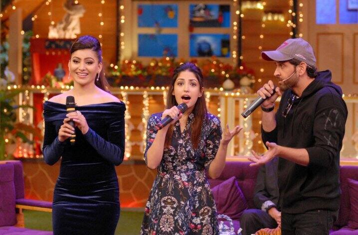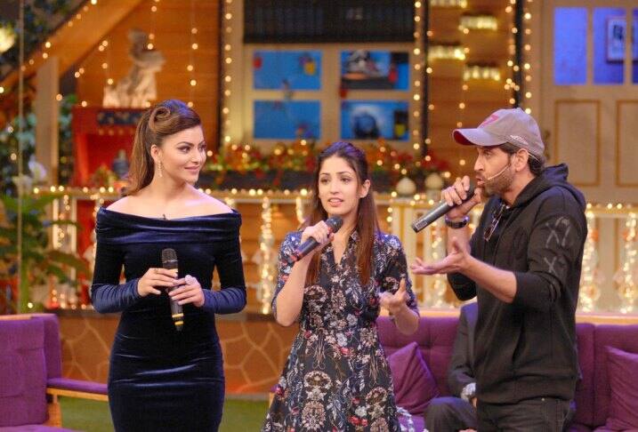 बॉलीवुड अभिनेता ऋतिक रोशन, यामी गौतम, उर्वशी रौतेला और फिल्म निर्माता राकेश रोशन मुंबई में कपिल शर्मा ने शो के सेट पर फिल्म 'काबिल' के प्रमोशन के लिए पहुंचे.
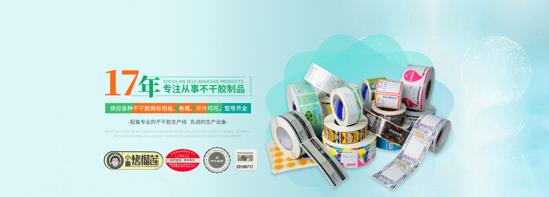 多年專業從事膠粘製品的研發,生產和經營。並能針對企業的要求,研發對應不幹膠商標用紙,卷筒,開片均可!也承接不幹膠商標的印刷,起印數量不限。
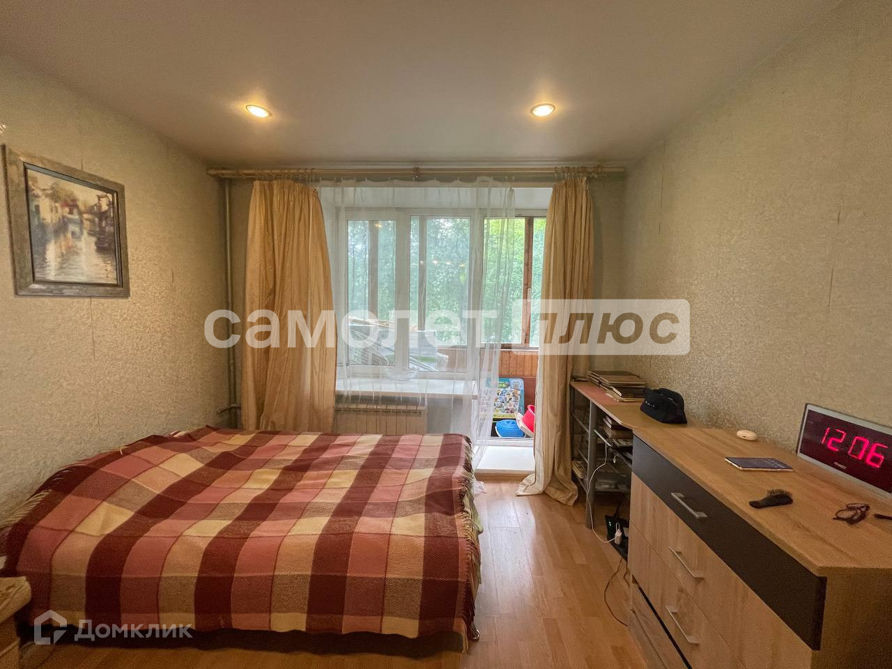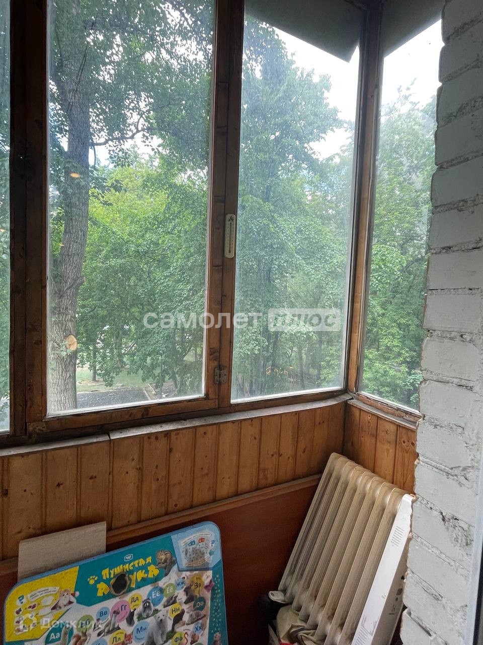 Жилая комната просторная, имеет выход на застекленный балкон с большими окнами и видом на прекрасную зеленую территорию двора.

Work to be completed
Set down the data exactly as it appears, without any images.

Reply
 बॉलीवुड अभिनेता ऋतिक रोशन, यामी गौतम, उर्वशी रौतेला और फिल्म निर्माता राकेश रोशन मुंबई में कपिल शर्मा ने शो के सेट पर फिल्म 'काबिल' के प्रमोशन के लिए पहुंचे.
 多年專業從事膠粘製品的研發,生產和經營。並能針對企業的要求,研發對應不幹膠商標用紙,卷筒,開片均可!也承接不幹膠商標的印刷,起印數量不限。
 Жилая комната просторная, имеет выход на застекленный балкон с большими окнами и видом на прекрасную зеленую территорию двора.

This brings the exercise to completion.